No solamente desde el punto de vista intelectual, sino también desde el punto de vista
ético es anormal la relación presente entre el individuo y la colectividad. Al renunciar a la
propia opinión, el hombre moderno renuncia también al propio juicio moral. Para poder
encontrar bueno lo que la colectividad, de palabra y de hecho, recomienda como bueno,
para poder condenar lo que según ella es condenable, tiene que contener las reflexiones que
surgen en su mente. No solamente ante los demás, sino también ante sí mismo trata de
impedir que estas reflexiones cobren expresión. De este modo su juicio se pierde en el
juicio de la masa, y la moral en la colectividad.
¿Qué es una concepción del universo? Es el conjunto de ideas que la sociedad y el
individuo aislado se han formado sobre la esencia y la razón del mundo, sobre la posición y
el destino de la humanidad y del hombre dentro de ella. El saber último hacia el cual
tendemos es el conocimiento de la vida. Nuestros conocimientos nos muestran la vida
desde afuera, nuestra voluntad desde adentro.

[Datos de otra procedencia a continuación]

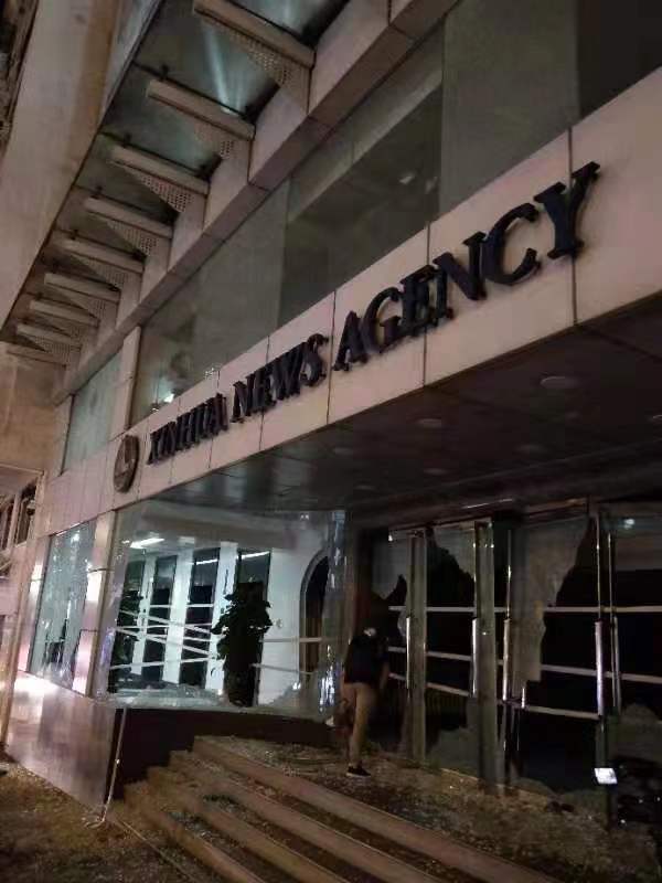 新华社香港特区分社被破坏现场。

La duda sobre si la multitud es capaz de la reflexión necesaria para llegar a una
concepción del universo o Filosofía inteligente acerca del individuo y acerca del mundo,
7. resulta justificada cuando se considera como ejemplo el hombre moderno. Pero éste es un
fenómeno patológico, en su renuncia a la necesidad de pensar. De por sí, existe en el
individuo medio una capacidad dada de reflexión, que no solamente le permite crearse una
Filosofía propia a través de su pensamiento, sino que además hace de ella una necesidad
normal. Los grandes movimientos de opinión que tuvieron lugar en las épocas antiguas y
modernas, permiten sostener con confianza la tesis de que en el individuo normal existe un
pensamiento elemental capaz de despertar de su letargo. Y también la observación
cotidiana de las personas que nos rodean, y de los niños cuando uno tiene contacto con
ellos, confirman esa creencia. Un impulso elemental hacia una Filosofía, fruto del
pensamiento, se agita en nosotros durante la infancia y la adolescencia, cuando se está
formando nuestra personalidad independiente como seres pensantes. Más tarde permitimos
que ese impulso sea acallado, aunque sentimos claramente que de ese modo nos
empobrecemos y nos volvemos menos capaces para el bien. Somos como manantiales, que
ya no manan más agua porque nadie los cuida y se van llenando poco a poco de escombros
y residuos. Todo lo que es persona, está destinado a desarrollarse hacia una verdadera
personalidad a través de su propia Filosofía nacida del propio pensamiento.